What I learnt from Zniffering, and lessons for the "Slowdown" Disease

First of all, I would like to thank @codahq for bringing Zniffering to our attention, and for allowing us (really for the first time) to "see" our zwave networks. If you have an extensive zwave network, and you're having issues, please see his post which I've inserted at the bottom of this post.
I'm writing this post to help other Hubitaters who may read this at some point in time in the future.

  1. A few (3-5) years ago, when I first got started in Home Automation, and I was convinced that z-wave was the answer (days of Vera, HomeAssistant, etc.), I thought that it was a good idea to build out my zwave network to the furthest reaches of my house.
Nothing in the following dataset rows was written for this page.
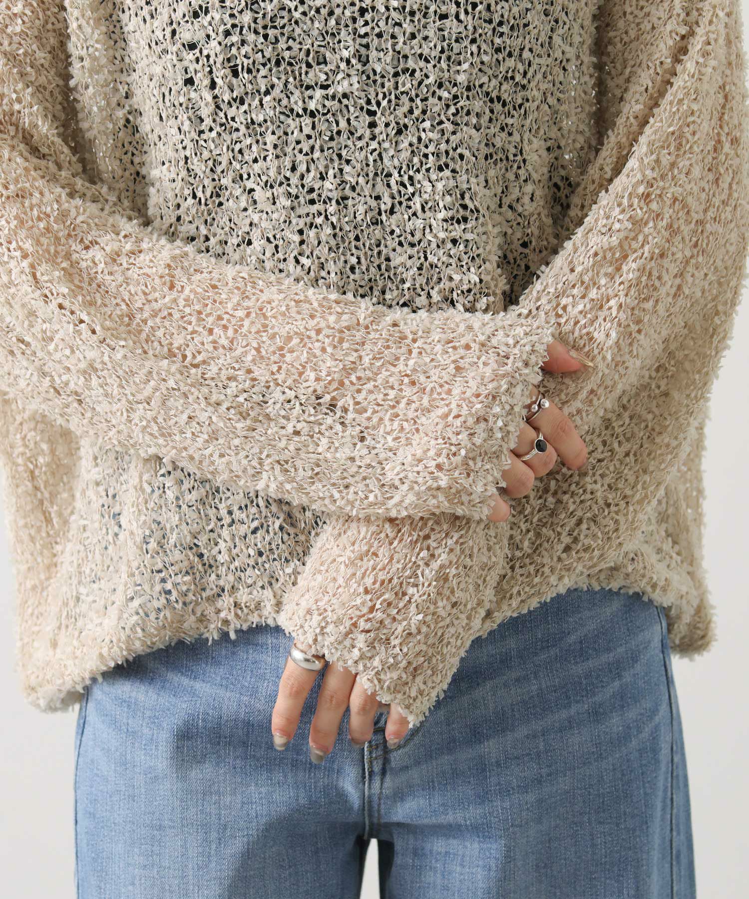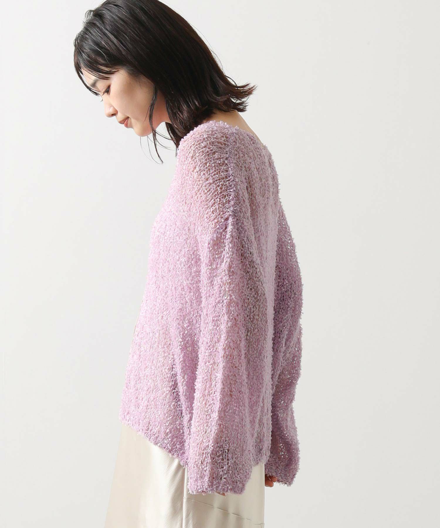 【tomberduciel(トンベドゥシェル】から、春夏人気だった、リボンのようなテープが軽やかに躍る、表情豊かな糸で編み立てたニットプルオーバーをカラー別注。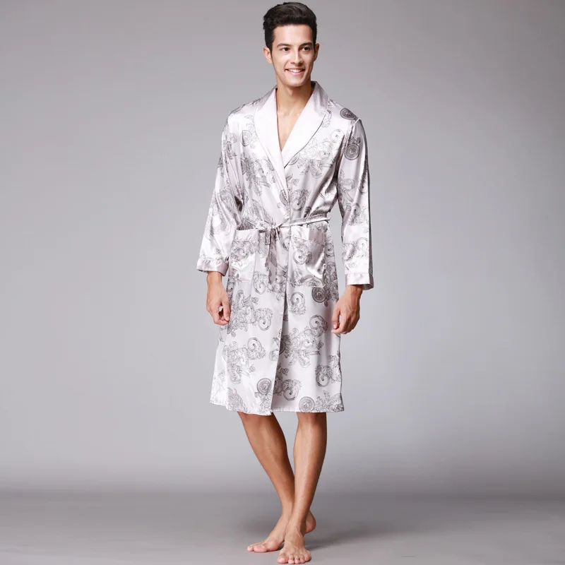 Мужские атласные халаты с драконом, Роскошные пижамы, шелковые пижа...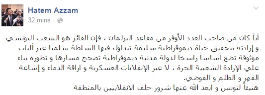 وقال عزام في تدوينة عبر صفحته على موقع التواصل الاجتماعي "فيس بوك": "أياً كان من صاحب العدد الأوفر من مقاعد البرلمان، فإن الفائز هو الشعب التونسي وإرادته بتحقيق حياة ديمقراطية سليمة، تتداول فيها السلطة سلميا عبر آليات موثوقة، تضع أساساً راسخاً لدولة مدنية ديمقراطية، تصحح مسارها و تطوره بناء علي الإرادة الشعبية الحرة".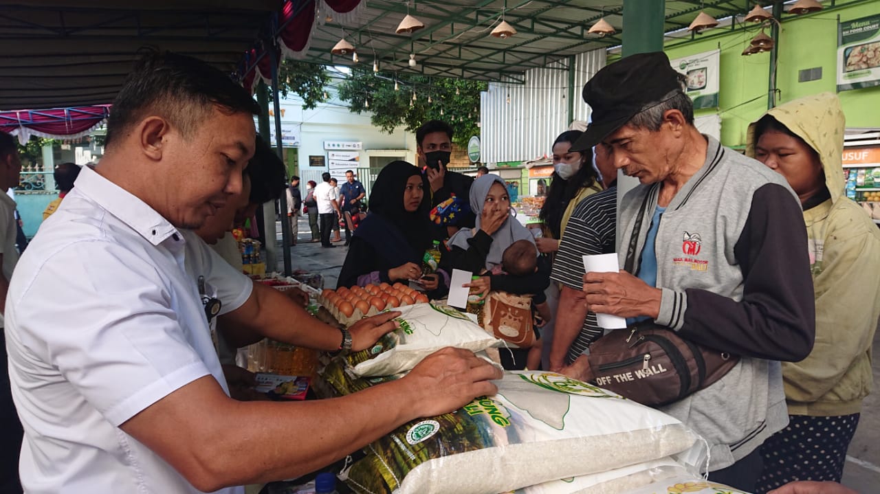 Ratusan masyarakat di Kelurahan Panjer Denpasar Selatan, tumpah ruwah berbelanja di pasar murah yang digelar di areal musala Baitul Mukminin BKDI Bali, di Jalan Tukad Batu Agung Denpasar.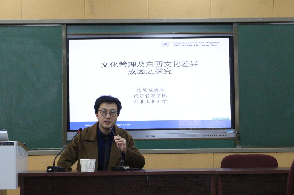 为探究东西文化差异的成因,3月25日10点,太阳成tyc9728集团于逸夫楼C座二楼阶梯教室举办了学术交流讲座,此次讲座主题为“文化管理及东西方文化差异成因之探究”,由河北工业大学经济管理学院张昱城教授主讲。

I reasoned that no matter where I would put my zwave devices (especially un-powered sensors), I would be covered by a good mesh. So, I purchased quite a few zwave outlets and scattered them around my home. Zniffering allowed me to see that my newer zwave plus devices had such a great range that I didn't need any of those zwave outlets. Furthermore, some of those outlets were actually slowing down my zwave communications. In a burst of energy (aided by a forced isolation), I replaced 6 of them in one day. I must have run at least 3 (maybe 4) zwave repairs that day.
  2. Lo and behold - I have a small zwave simple lighting automation, which I run to see how my zwave is doing. I count the number of seconds for it to execute, which is usually 1-2 seconds. The day that I did all of those zwave repairs, that automation took 17 seconds. Hmmm... I had just rebuilt the mesh tables with a zwave repair - why did it take so long? Could it be that each zwave repair exhausts some part of some resource, so that after a number of zwave repairs everything runs slow? I really can't say for sure, but I can say that next day after a reboot, that same automation ran in under 1 second.

Unfortunately, I don't know why we have the "Slowdown" disease. I know that if you have it, unfortunately you have to investigate and investigate, and investigate. Maybe you will eventually find the right antibody.

1 Like

Ahem... maybe the "reboot" helped clean out the hub.

I might add that you should use a secondary controller like the PC Controller to perform Z-Wave tests, validations, speed testing to get the direct reaction/response timing to remove HE from the equation when wanting to test Z-Wave Network performance. Only then can you say "Aha it's a Z-Wave issue"... or not.

As a matter of fact, the same day that the UZB arrived (for zniffering), I decided to try out PC Controller. That day I found (and removed) 4 ghost nodes.
I really can't say if removing those nodes impacts performance of the zwave mesh. Maybe yes, maybe no. Regardless, it's an example of a tool that can be very helpful in "understanding" your zwave mesh.
Perhaps the reason that these tools are now more readily available is because Zigbee is gaining more traction in the marketplace. I don't know, but I'm glad that they (Silicon Labs) made it available (even if I don't understand everything in it!).

The tools have existed for a long time. Access to them has not always been as easy as it is today or cheap. To get a full zniffer in the past you would have to hack one together or buy the development kit which was insanely expensive. Today the dev kit is quite reasonable or you can as you have and many others just flash a usb stick and download the software. :smile:

The PC Controller software used to be distributed from different vendors and it was the Zensys tool. Aeotec used to distribute it too.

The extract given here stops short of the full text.